With the advent of next generation sequencing there is great interest in studying the involvement of rare variants in complex trait etiology. For many complex traits sequence data is being generated on DNA samples from African Americans and Hispanics to elucidate rare variant associations. Analyses of admixed populations present special challenges due to spurious associations which can occur because of confounding. However using information on admixture and local ancestry can also be highly beneficial and increase the power to detect associations in these populations. Here a local haplotype sharing (LHS) method (Xu and Guan 2014) was extended to test for rare variant (RV) associations in admixed populations. Previously the Weighted Haplotype and Imputation-based Test (WHAIT) (Li et al. 2010) was proposed to test for rare variant associations using haplotype data.
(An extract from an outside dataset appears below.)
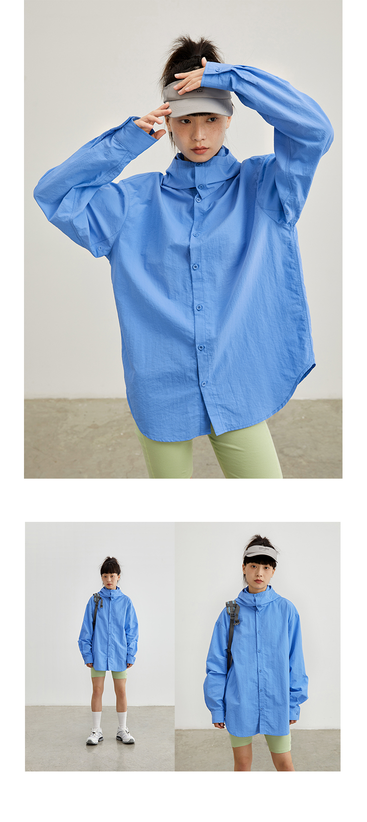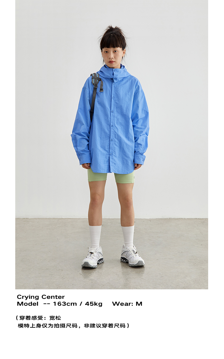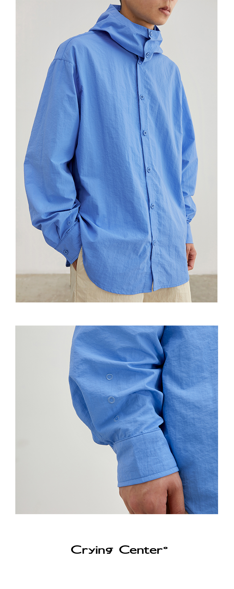 CryingCenter 亮彩蓝高领宽松版连帽防晒衬衫 哭喊中心

The RV-LHS method unlike WHAIT, does not require reconstruction of haplotypes which can be both computationally intensive and error prone. Additionally the RV-LHS uses information on local ancestry which is particularly advantageous when analyzing admixed populations. Results will be shown from simulation studies performed for rare variant data from an admixed population. Both Type I and II errors are evaluated for the RV-LHS method. Additionally the power of the RV-LHS method is compared to WHAIT as well as several other non-haplotype-based rare variant association methods including the combined multivariate collapsing (CMC) (Li and Leal, 2008), Variable Threshold (VT) (Price et al. 2010) and Sequence Kernel Association Test (SKAT) (Wu et al. 2010). Several heart, lung and blood phenotypes were analyzed using sequence data on African-Americans from the NHLBI-Exome Sequencing Project to better evaluate the performance of the RV-LHS compared to other rare variant association methods.